Reprocessed Electrophysiology Catheters Recalled for Incomplete Seals

Stryker Sustainability Solutions is recalling Daig Livewire Steerable reprocessed electrophysiology catheters due to incomplete seals on sterile product packaging, which could compromise sterility and patient safety.

What this means for you

Illness, injury, or structural failure has been reported. Stop using the product immediately and contact the manufacturer for a refund or repair.

Our severity reasoning: This is an FDA Class II recall of a sterile medical device (electrophysiology catheter) with a packaging defect that compromises sterility. The potential for patient harm from loss of sterility of an invasive device, combined with the Class II designation and significant unit quantity, meets the threshold for Severe severity.

Plain-English summary

Stryker Sustainability Solutions is recalling Daig Livewire Steerable reprocessed electrophysiology catheters, Product Number 401575 (UDI 00885825006815), due to incomplete seals on sterile product packaging. The recall affects 319 units distributed nationwide in the United States and to Israel and Canada.

Incomplete seals on the sterile packaging may compromise the sterility of the device, which could result in patient harm if the product is used in its current condition.
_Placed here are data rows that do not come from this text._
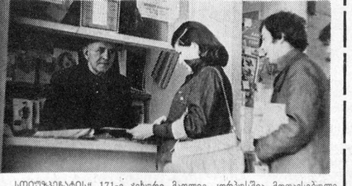
„სტრუქტურალის“ 171-ე ვიხური მადლიე კორპუსში მითავსებული კოსიკური მხილვი ქუნიია კარგად ემსახურება მითხებულის. სწარმოც: მ. შიშივაძე (მარცხენი) ახალ ურნაღ-გაზეთებს ურჩევს მითხებულის.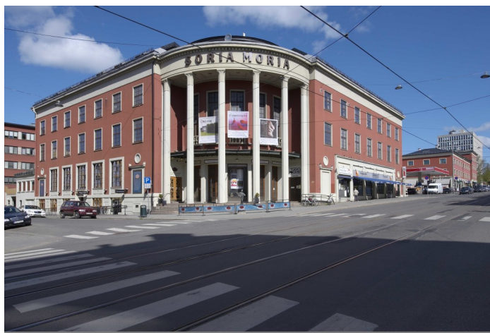
Soria Moria.

Alle tre var premierekinoer med repertoar som Tatt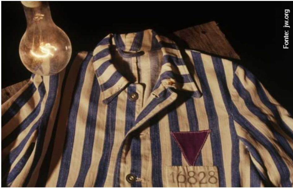
Le uniformi con i triangoli viola dei Testimoni di geova

dichiarata dalle autorità [naziste] era di eliminare completamente gli Studenti Biblici dalla storia tedesca". Si stima che morirono 1.600 Testimoni, di cui 370 per esecuzione. «La resistenza nonviolenta della gente comune di fronte al razzismo, al nazionalismo estremo e alla violenza merita una profonda riflessione in occasione del Giorno della memoria», ammoniscono in un comunicato stampa i Testimoni di Geova.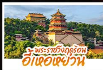
พระราชวังฤดูร้อน อู่เต๋อเฉยวัน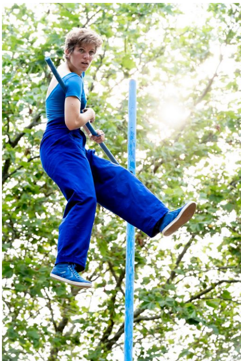
Bleu Tenace , Compagnie Rhizome, 2021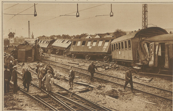
Auf dem Schauplatz der Katastrophe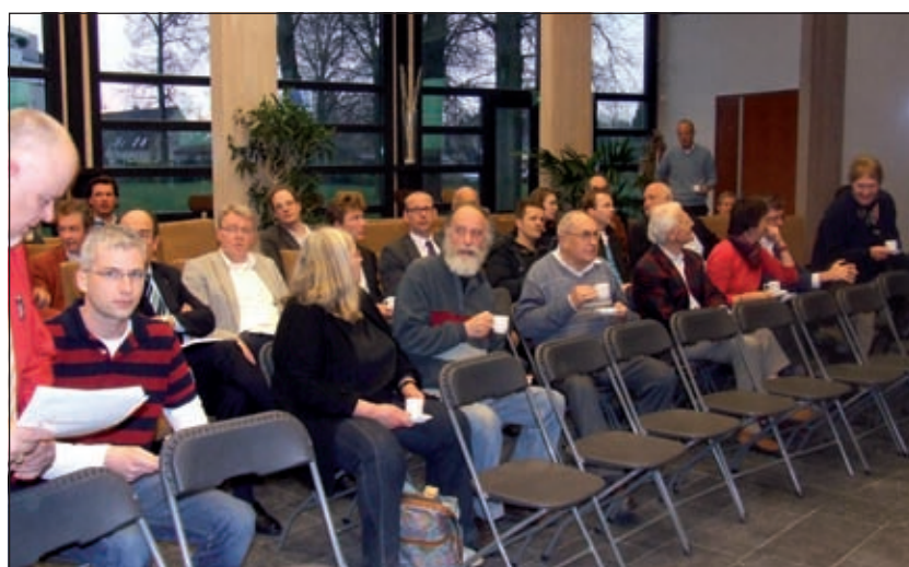
Het college heeft eerst op dinsdag 7 april jl. de omwonenden en de betrokken bedrijven geïnformeerd over de uitkomsten van de variantenstudie. Daarvoor werd een informatiebijeenkomst gehouden in het gemeentehuis.

Hoewel naar aanleiding van de tijdens de informatieavond gestelde vragen nog nader onderzoek nodig is, heeft het college gemeend niet langer te wachten met het publiceren van dat verslag. Burgemeester en Wethouders verwachten nog in het derde kwartaal van 2009 de raad te kunnen informeren over de uitkomsten van het nader onderzoek en over hun voorstel omtrent het verdere proces van besluitvorming over de aanpak van de restanten van de bunker. Het college heeft het verslag van de op 7 april 2009 gehouden informatieavond gepubliceerd op de gemeentelijke website en ook op de gebruikelijke wijze ter inzage gelegd [GG].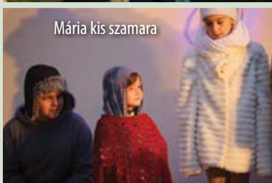
Mária kis számará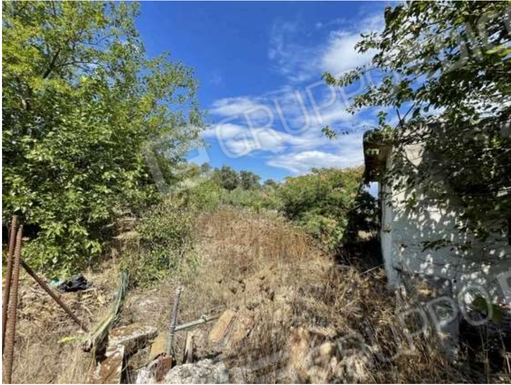
Fotografia D.65 - Magazzino prospetto sud-est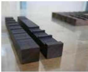
도 17 시험판 제작 W: 30mm, D: 30mm, H: 0.5, 1, 1.5, 2, 2.5, 3, 3.5, 4, 4.5, 5mm

경화속도를 비교한 결과(표 6), 0.5~1mm깊이 시험판에 균분한 시료 가운데 토분과 옷을 혼합한 C시료가 6시간 내 경화되었고, A, B, D 시편의 0.5~1mm 깊이 시료가 12시간 내 굳어졌다. 표면 균열도 관찰 결과(표 6), A, B시료가 0.5~2mm 깊이에서는 균열없이 경화하였고, 3mm 깊이부터 표면균열이 일어났으며, C시료는 가장 얇은 0.5mm 깊이에서부터, D시료는 2mm부터 표면 균열이 나타났다(도 18). C시료는 A, B, D시료보다 경화속도가 빨랐으나, 경화되는 속도가 빠를수록 표면균열이 커지는 결과가 도출되었다(도 19). 경화 실험을 통해 바탕 칠층을 두껍게 올렸을 때 균열없는 기면(器面)이 형성 가능한 재료의 우선순은 골회 및 탄분, 다음으로 토분과 풀, 마지막으로 토분과 옷을 혼합한 순서로 확인되었다.

Patients and healthcare providers who have received or are using affected devices should stop use immediately. Affected lot numbers are listed in this recall notice. Healthcare facilities should check their inventories and quarantine any affected units. Consumers and providers should contact Stryker Sustainability Solutions with questions or to report any related adverse events.

The recalled product

Product
Daig Livewire Steerable, Product Number 401575; REPROCESSED ELECTROPHYSIOLOGY CATHETER
Manufacturer
Stryker Sustainability Solutions
Category
Medical Device — Electrophysiology Catheter
Hazard
  • sterility-compromise
  • incomplete-seal

Is your product affected?

Check your packaging against the codes below. If any of them match, the product is part of this recall.

Lot numbers (20)

  • UDI 00885825006815
  • Lot Numbers: 2696145
  • 3794476
  • 4262195
  • 4633829
  • 4786916
  • 4849947
  • 5002352
  • 2965551
  • 3812493
  • 4265992
  • 4637189
  • 4792723
  • 4850691
  • 5002356
  • 3152561
  • 3814730
  • 4299204
  • 4637394
  • 4792893

Distribution

Distributed nationwide across the United States.